__Task__: Write the listing out again word for word, skipping each picture.

*** Recorded information Section Begins ***

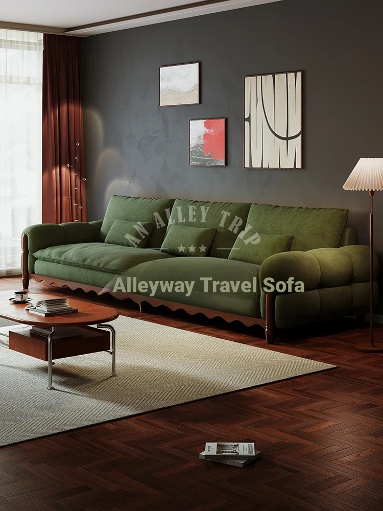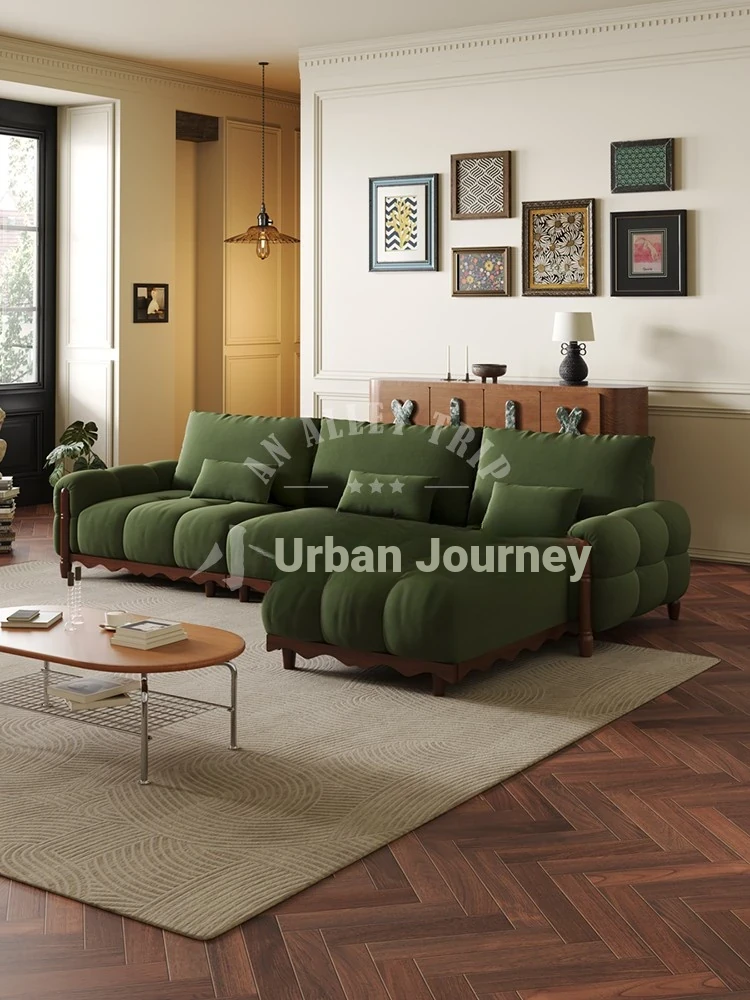 Chic French Vintage Fabric Sofa - Retro-Style Solid Wood Cloud Sofa for Living Room, Perfect for Cozy Corners - New Arrival!
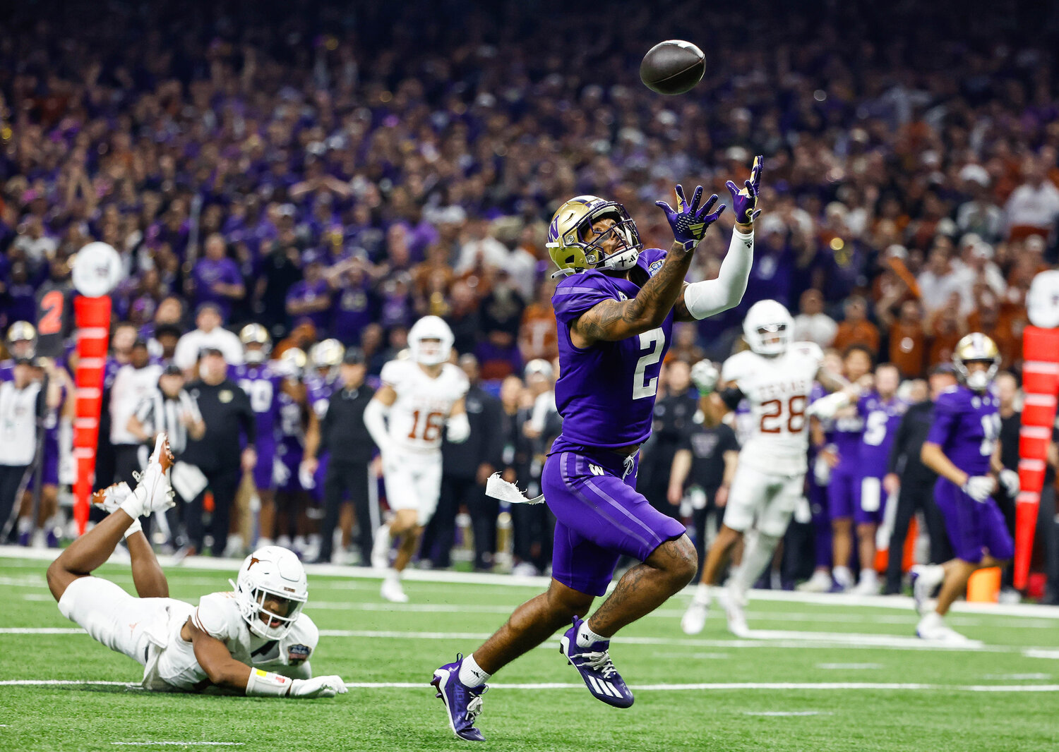 The tipped pass falls into the hands of Washington's Ja'Lynn Polk who scores in the second quarter to give the Huskies a short-lived 21-14 lead over Texas. The second-ranked University of Washington Huskies played the third-ranked Texas Longhorns in the Sugar Bowl, the semifinal game of the College Football Playoffs, Monday, Jan. 1, 2024, at the Superdome, in New Orleans, Louisiana. (Dean Rutz/The Seattle Times/TNS)
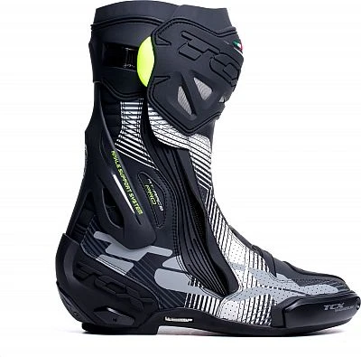 Die Motorradstiefel TCX RT-Race Pro Air sind mit dem Double Flex Control Antitorsionssystem ausgestattet, einem Gelenk aus Polyurethan, das im Knöchelbereich positioniert ist, die Bewegung millimetergenau steuern kann und Halt sowie optimale FlexibilitÀt des Gelenks bietet, um gefÀhrliche Verdrehungen und mögliche Verletzungen zu vermeiden.

*** Recorded information Section Ends ***

__Written answer__:
 Chic French Vintage Fabric Sofa - Retro-Style Solid Wood Cloud Sofa for Living Room, Perfect for Cozy Corners - New Arrival!
 The tipped pass falls into the hands of Washington's Ja'Lynn Polk who scores in the second quarter to give the Huskies a short-lived 21-14 lead over Texas. The second-ranked University of Washington Huskies played the third-ranked Texas Longhorns in the Sugar Bowl, the semifinal game of the College Football Playoffs, Monday, Jan. 1, 2024, at the Superdome, in New Orleans, Louisiana. (Dean Rutz/The Seattle Times/TNS)
 Die Motorradstiefel TCX RT-Race Pro Air sind mit dem Double Flex Control Antitorsionssystem ausgestattet, einem Gelenk aus Polyurethan, das im Knöchelbereich positioniert ist, die Bewegung millimetergenau steuern kann und Halt sowie optimale FlexibilitÀt des Gelenks bietet, um gefÀhrliche Verdrehungen und mögliche Verletzungen zu vermeiden.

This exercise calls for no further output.